Hes1和Mash1基因在脊髓源神经干细胞诱导分化为胆碱能神经元过程中表达的研究
本文关键词:Hes1和Mash1基因在脊髓源神经干细胞诱导分化为胆碱能神经元过程中表达的研究 出处:《山西医科大学》2009年硕士论文 论文类型:学位论文
更多相关文章: 神经干细胞 分化 胆碱能神经元 脊髓 大鼠 神经干细胞 胆碱能神经元 分化 实时定量PCR Hes1 Mash1
【摘要】: 研究背景:神经干细胞作为一种具有自我更新、增殖和可以定向分化为神经元、星型胶质细胞和少突胶质细胞能力的细胞,不仅打破了中枢神经系统发育成熟后不可再生的理论,还为神经系统损伤修复和退行性病变的治疗提供了新的思路[1]。对于神经干细胞的研究,是以保持体外培养的神经干细胞具有活跃的增殖能力为基础的。同时,中枢神经系统各种不同的疾病大多是由于表型和功能不同的神经元病变所致,然而许多研究表明如果将神经干细胞直接移植于受损区,则分化成所需的特异性神经元将很少,难以发挥功能效应。神经干细胞的分化是一个复杂的多因素参与的过程,对于胆碱能神经元的体外分化条件和机制的研究目前尚未达成共识。 目的:本部分的研究旨在通过对神经干细胞的分离培养,观察研究其基本生物学特性,了解其增殖分化和体外培养获得大量扩增的条件,为进一步研究神经干细胞的定向分化奠定基础。在体外环境下诱导神经干细胞向胆碱能神经元分化,探讨神经干细胞的体外分化条件及诱导分化机制。 方法:将孕龄17 d的胚胎大鼠脊髓组织制备成单细胞悬液,接种到限定性无血清培养液中培养,待形成原代克隆球后传代扩增。对第3代的神经干细胞球进行神经上皮干细胞蛋白(Nestin)免疫荧光检测。然后,将神经干细胞克隆球接种到内置多聚赖氨酸包被的盖玻片的6孔培养板中,应用诱导因子RA、SHH、NT-3和BDNF对神经干细胞进行诱导分化。在37℃、5%CO2饱和湿度的培养箱中分化两周后,用免疫荧光检测胆碱能神经元特异性标志物胆碱乙酰转移酶(ChAT)的表达。 结果:获得了大量能自我增殖,表达Nestin,并可在体外长期维持稳定状态的神经干细胞。神经干细胞经诱导因子诱导1 w后,可见分化的细胞呈典型的神经元样细胞形态:胞体饱满而不规则,有多个细长突起;诱导2 w后,神经细胞之间形成了网络状结构,免疫荧光检测,ChAT阳性率达20%。 结论:从大鼠胚胎脊髓组织中分离得到的细胞具有不断增殖和自我更新能力,并具有分化为神经元的潜能。SHH、RA、NT-3和BDNF的共诱导可以诱导脊髓源性神经干细胞在体外分化为胆碱能神经元。 研究背景:神经干细胞的生长和发育过程的调控涉及多个方面,包括神经细胞特性的决定、细胞数量的控制,细胞分化的格局化和空间控制等。众多基因家族参与了该过程,其中bHLH家族的Hes1和Mash1基因,作为神经发育的相关基因,广泛表达于发育中的中枢和外周神经系统。Hes基因属于负调控型的bHLH转录因子,在维持神经干细胞增殖,使大脑细胞具有正确的数目、形态和细胞排列等方面具有重要的作用。正调控型转录因子Mash1基因,则有促进神经前体细胞向神经元分化作用。正调控型和负调控型bHLH转录因子之间的彼此调控,共同调控着神经干细胞的分化并且决定着其分化方向。本实验通过体外诱导神经干细胞向胆碱能神经元分化,观察Hes1和Mash1基因的表达变化,了解它们在神经干细胞定向分化为胆碱能神经元过程中发挥的作用。 目的:通过检测胚胎大鼠脊髓源性神经干细胞定向诱导分化为胆碱能神经元过程中Hes1和Mash1基因的表达变化,探讨神经干细胞的定向分化机制。方法:取体外培养的第三代的神经干细胞,接种于内置多聚赖氨酸包被过的盖玻片的6孔培养板中,通过在培养基中添加诱导因子RA、SHH、NT-3和BDNF,诱导其向胆碱能神经元分化。应用实时定量PCR技术分析神经干细胞及向胆碱能神经元诱导分化1 w和2 w时, Hes1、Mash1和Nestin基因的表达变化。结果:Hes1、Mash1和Nestin mRNA在神经干细胞分化前后表达有变化,诱导1 w时各基因均较对照组表达下降,诱导2 w时表达较诱导1 w时增高,但低于对照组。 结论:Hes1、Mash1和Nestin参与了神经干细胞向胆碱能神经元的分化过程,并且发挥了重要的作用。

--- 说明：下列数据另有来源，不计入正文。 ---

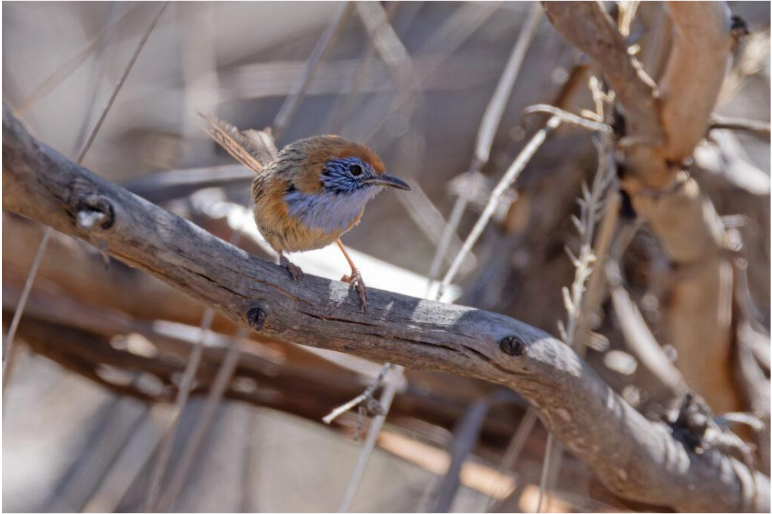
Mallee Emu-wren
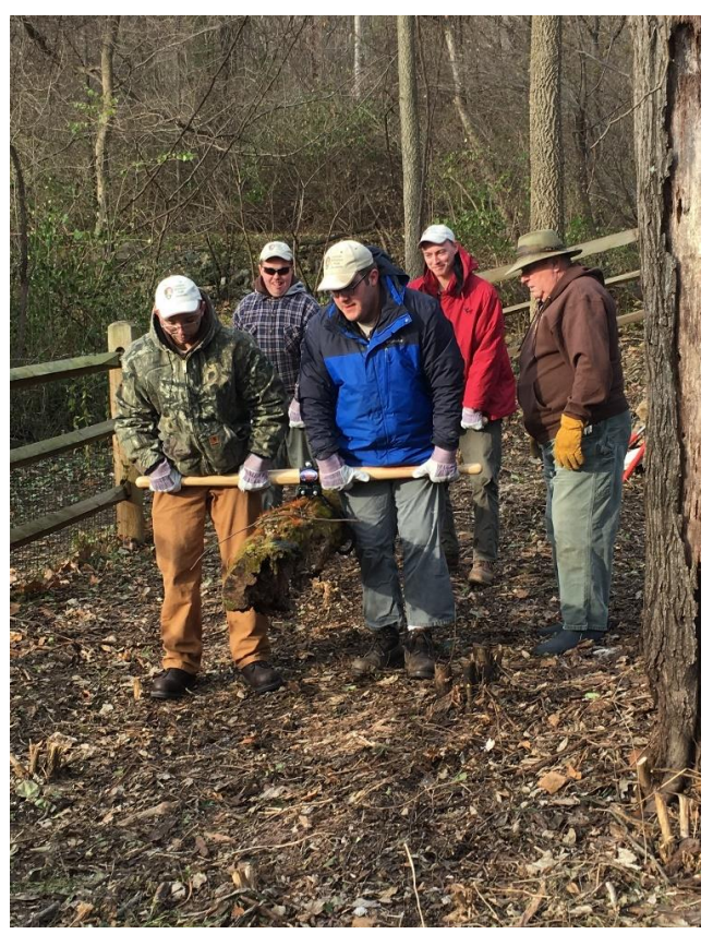
Easy does it. One step at a time.
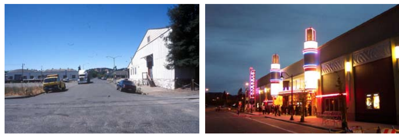
C Street at 1st looking west (before & after)
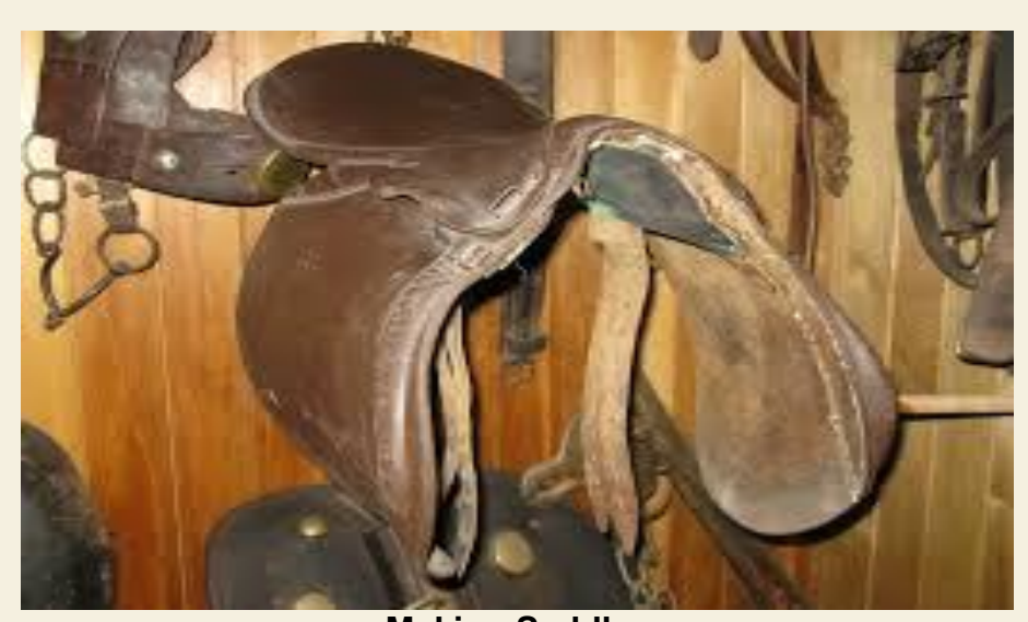
Making Saddles Saddle Making (1965) (ATV) 5 Mins B/W
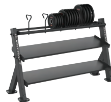
PLATE TRAY / BALL TRAY OPTION
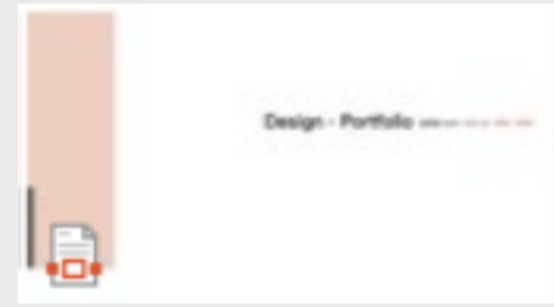
Design portfolio by MAO-TZU LO 昨天 下午 07:30

[Abstract]:Background: neural stem cells as a self-renewal, proliferation and can differentiate into neurons, astrocytes and oligodendrocytes ability of the cells, not only broke the theory of non renewable development of central nervous system after maturity, provides a new way for [1]. neural stem cell research for nervous system damage and repair degenerative disease treatment, is to maintain the in vitro cultured neural stem cells with active proliferation as the foundation. At the same time, the central nervous system is mostly due to various diseases caused by neuron disease phenotype and function of different, but many studies show that if the neural stem cells transplanted directly in the damaged area. It differentiated into specific neurons required is small, it is difficult to play. The functional effect of neural stem cell differentiation is a complex process involved in many factors, for bravery The study of the conditions and mechanisms of the differentiation of alkaline energy neurons in vitro has not yet reached a consensus.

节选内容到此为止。